Colectivos: entre la queja y la ventaja de contar con su servicio

 

Quienes lo usan son muy críticos con La Nueva Perla; los que no, pueden advertir a simple vista que el estado de las unidades deja mucho que desear. Las falencias existen y molestan pero la empresa dice estar al límite de sus posibilidades. ¿A quién corresponde el control de la calidad de prestación? ¿Y la seguridad? ¿Y el estado de las unidades?


Tener colectivos urbanos de pasajeros es, para ciudades del porte de Pergamino, no solo una ventaja sino una bendición. Eso que vemos como algo natural, parte del paisaje urbano, no es una realidad en otras localidades, donde los vecinos sin vehículo propio deben ir de un lado a otro a taxis y remises a un alto costo. Lo mismo los niños a las escuelas, las familias a pasear, al médico, en fin, todos los traslados que hacen a la rutina diaria. 

Esto demuestra que en ciudades pequeñas no es un gran negocio prestar este servicio: poca población, demasiadas horas “muertas” para cubrir costos fijos altos. En realidad, todos los servicios públicos de transporte, en el mundo, son deficitarios, razón por la cual son fuertemente subsidiados, entendiendo el Estado que es una prestación necesaria que no está en condiciones de brindar por sí solo. 
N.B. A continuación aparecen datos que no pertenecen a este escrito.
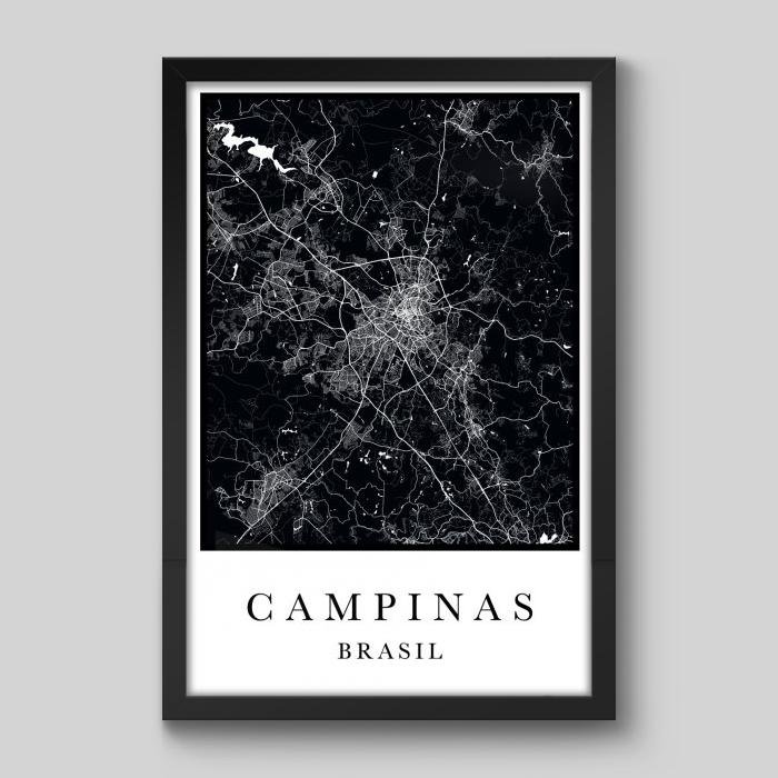 Quadro Mapa Campinas - 60x40cm - Moldura Caixa Preto

Ahora bien, por más agradecido o afortunado que se siente el vecino de una ciudad con colectivos no debe ser sujeto de una mala contraprestación por el dinero que abona. 

El pergaminense que utiliza La Nueva Perla se queja y mucho, especialmente por el estado de las unidades.
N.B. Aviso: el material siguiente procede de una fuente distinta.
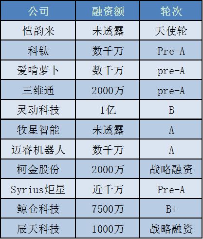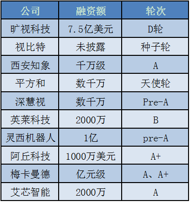 在亿元级别的融资上还有视觉分拣方案的梅卡曼德,其于4月完成亿元级A和A+轮融资。此外,成立于去年8月的3D视觉企业视比特在今年斩获种子轮融资,并于7月份再次获得来自图灵资本领投的天使轮融资。

El efecto de la inflación sobre el precio de los insumos, las paritarias salariales de los trabajadores y la imposibilidad de ir ajustando el precio del boleto al ritmo del incremento de estos costos son, del otro lado, las explicaciones de la prestadora a los reclamos de los usuarios. Todo aumento de tarifas debe ser aprobado por el Concejo Deliberante, pero cada vez que este trámite inicia su curso es cuando más fuerte se alzan las voces de los vecinos. La pregunta retórica es: ¿Y si La Nueva Perla cierra o se va de la ciudad? Este planteo no pretender extorsivo porque no por defecto es aceptable un mal servicio, sino para considerar –funcionarios y ciudadanos- que es necesario buscar soluciones conjuntas sin demonizar. Si las malas condiciones no se deben a una administración deficiente sino a un desequilibrio propio de una actividad deficitaria pero necesaria, las alternativas no son muchas: o se ajusta el boleto, o se aumentan los subsidios o se aceptan otras medidas de optimización de costos como la reducción de frecuencias. Aunque esto último, es de tener en cuenta, acarrearía otro inconveniente que sería la pérdida de puestos laborales.

 

Realidad compartida

San Nicolás es una ciudad que comparte la misma idiosincrasia que Pergamino: siempre contó con servicio público de pasajeros (no así Junín, por citar otro caso similar y cercano). Allí está Empresa Vercelli Hermanos S.A. (Evhsa), que también cubre el tramo interurbano hacia nuestra ciudad.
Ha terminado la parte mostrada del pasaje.